To date, Source MDx has developed Precision Profiles™ in Oncology for nine types of cancer including bladder, breast, cervical, colon, lung, melanoma, ovarian, pancreatic, and prostate. Precision Profiles™ in Oncology encompass over 1,000 technically validated gene assays that have been selected through extensive literature review, microarray analysis, in-house studies, as well as a general knowledge of genes known to be involved in specific cellular processes and pathways of interest. Collectively these target gene assays measure responses that are linked to specific cancers as well as responses that are associated with generalized cancer processes, including angiogenesis, apoptosis, tumor suppression, cell cycle, DNA repair, tumor invasion and progression. Equally important, Precision Profiles™ in Oncology reflect inflammation and immune-related responses through measurement of various cytokines, chemokines, growth factors and cell signaling molecules that have a demonstrated association with cancer.

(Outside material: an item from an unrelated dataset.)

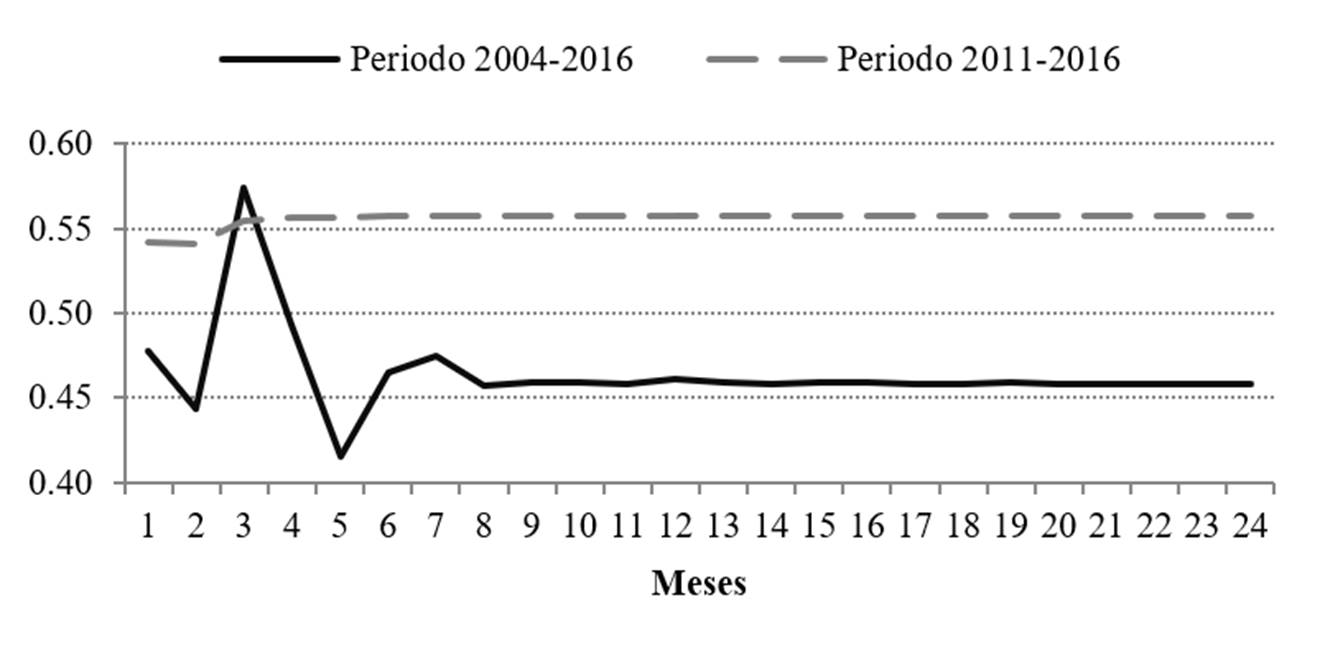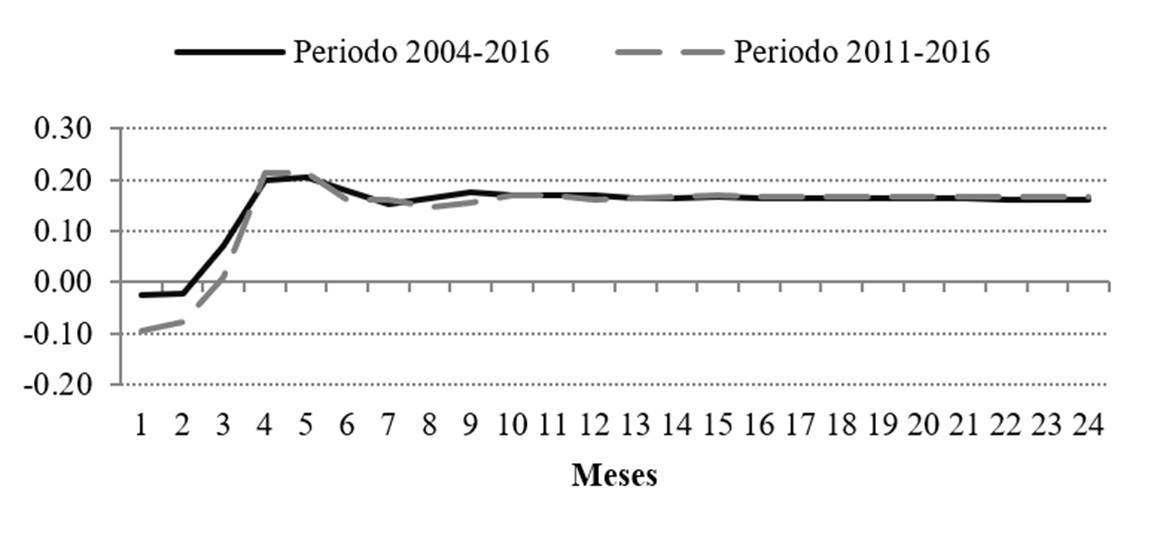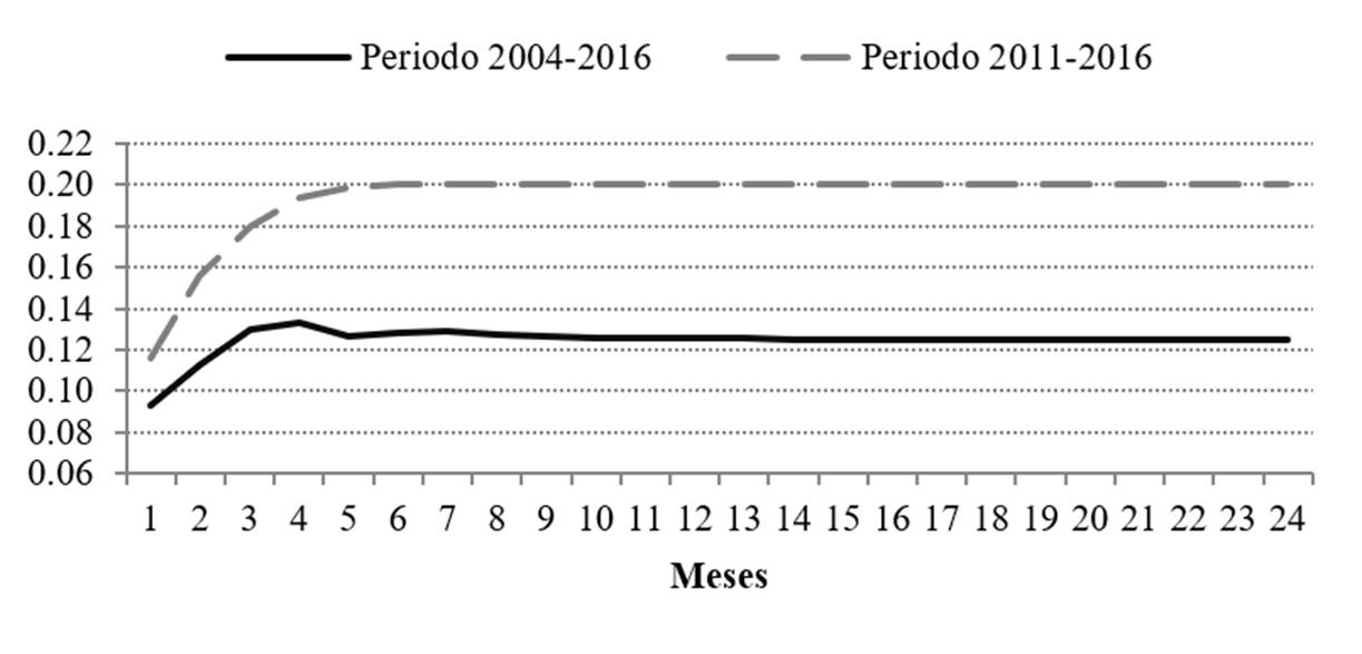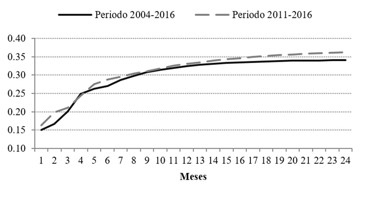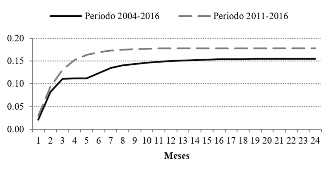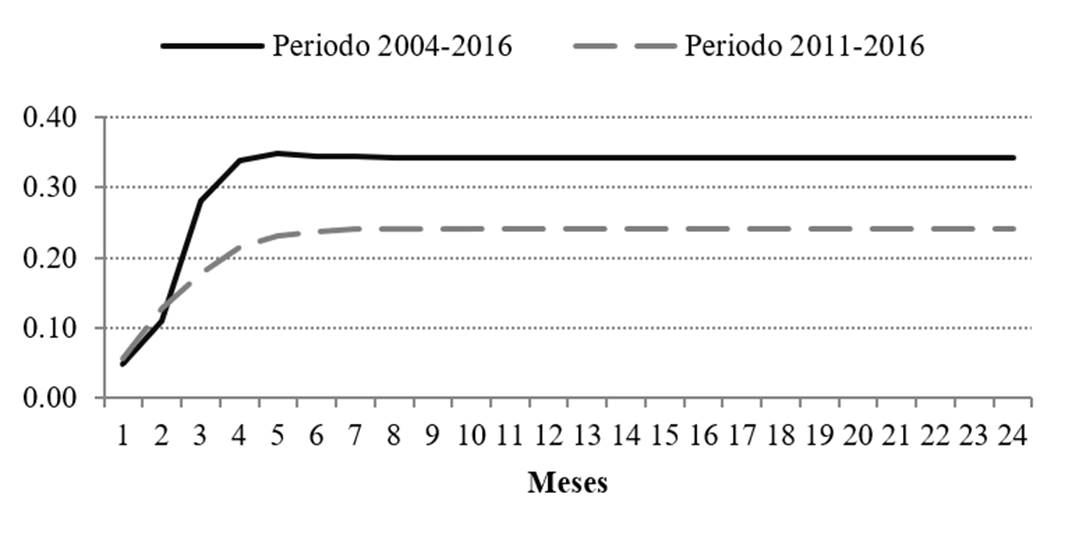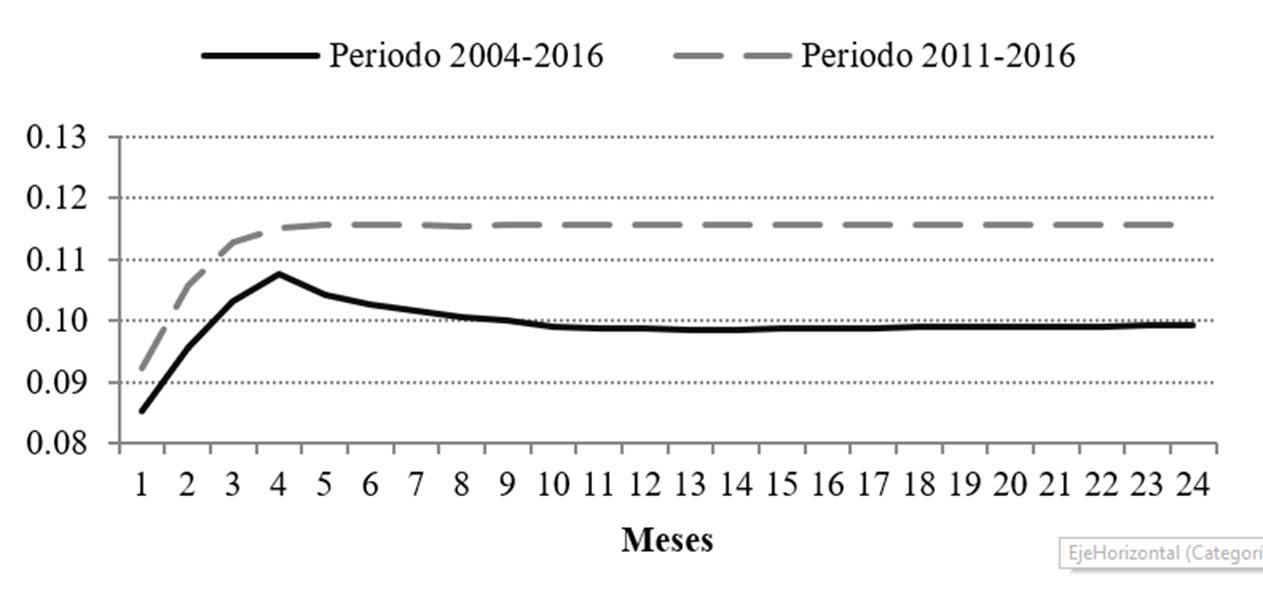 La metodología propuesta consiste en un modelo VAR para el periodo 2004-2016, con datos de frecuencia mensual. Utilizando los resultados de estos modelos, se construyen funciones de impulso respuesta, simulando variaciones de 1 por ciento en el tipo de cambio como impulso a los distintos precios.

Clinical Studies in Oncology

Over the last several years Source MDx has conducted independent prospective clinical studies for seven cancers including breast, cervical, colon, lung, melanoma, ovarian, and prostate. Exploratory clinical studies involving over 650 cancer patients and healthy normal control subjects, provided a broad overview of cancer specific, cancer general (tumorigenesis) and immune related gene expression responses across multiple cancers. Source MDx is currently conducting prospective validation studies involving over 2,000 cancer patients and control subjects across a variety of cancers, including breast, colon and prostate cancer in collaboration with the Dana Farber Cancer Center, lung cancer in collaboration with NYU Medical Center and ovarian cancer in collaboration with Massachusetts General Hospital and the Dana Farber Cancer Center. Additional pilot studies are ongoing in bladder cancer with the Dana Farber Cancer Center and in pancreatic cancer with the Translational Genomics Research Institute (TGEN). These Source MDx funded clinical studies along with ongoing trials in collaboration with pharmaceutical and diagnostic partners, provide access to several thousand cancer patient samples. Source MDx continues to independently support all clinical studies in oncology with the ongoing collection of blood bank, medically defined and subpopulation specific healthy normal control subject samples.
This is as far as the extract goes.